## AIM OF THE TASK
Find all the lines in the entries below that hold the word "with" and copy them.

## EXTRACTED MATERIAL
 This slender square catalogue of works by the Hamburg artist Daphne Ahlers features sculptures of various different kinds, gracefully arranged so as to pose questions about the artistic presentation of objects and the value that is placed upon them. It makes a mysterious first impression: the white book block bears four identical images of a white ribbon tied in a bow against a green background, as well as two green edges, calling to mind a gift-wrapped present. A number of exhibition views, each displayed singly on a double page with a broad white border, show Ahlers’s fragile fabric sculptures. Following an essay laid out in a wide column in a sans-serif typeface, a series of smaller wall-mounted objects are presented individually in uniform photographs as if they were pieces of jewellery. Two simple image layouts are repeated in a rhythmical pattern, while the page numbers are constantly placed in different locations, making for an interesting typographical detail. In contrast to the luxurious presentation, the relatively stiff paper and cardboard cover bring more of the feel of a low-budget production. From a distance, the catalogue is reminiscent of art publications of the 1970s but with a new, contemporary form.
...
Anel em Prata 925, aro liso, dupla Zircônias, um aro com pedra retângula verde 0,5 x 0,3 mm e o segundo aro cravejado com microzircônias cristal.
* * *
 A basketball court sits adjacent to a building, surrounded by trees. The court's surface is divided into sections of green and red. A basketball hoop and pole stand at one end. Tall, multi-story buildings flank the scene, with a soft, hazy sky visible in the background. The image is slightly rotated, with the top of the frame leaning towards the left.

## SOLVED EXERCISE
 This slender square catalogue of works by the Hamburg artist Daphne Ahlers features sculptures of various different kinds, gracefully arranged so as to pose questions about the artistic presentation of objects and the value that is placed upon them. It makes a mysterious first impression: the white book block bears four identical images of a white ribbon tied in a bow against a green background, as well as two green edges, calling to mind a gift-wrapped present. A number of exhibition views, each displayed singly on a double page with a broad white border, show Ahlers’s fragile fabric sculptures. Following an essay laid out in a wide column in a sans-serif typeface, a series of smaller wall-mounted objects are presented individually in uniform photographs as if they were pieces of jewellery. Two simple image layouts are repeated in a rhythmical pattern, while the page numbers are constantly placed in different locations, making for an interesting typographical detail. In contrast to the luxurious presentation, the relatively stiff paper and cardboard cover bring more of the feel of a low-budget production. From a distance, the catalogue is reminiscent of art publications of the 1970s but with a new, contemporary form.
 A basketball court sits adjacent to a building, surrounded by trees. The court's surface is divided into sections of green and red. A basketball hoop and pole stand at one end. Tall, multi-story buildings flank the scene, with a soft, hazy sky visible in the background. The image is slightly rotated, with the top of the frame leaning towards the left.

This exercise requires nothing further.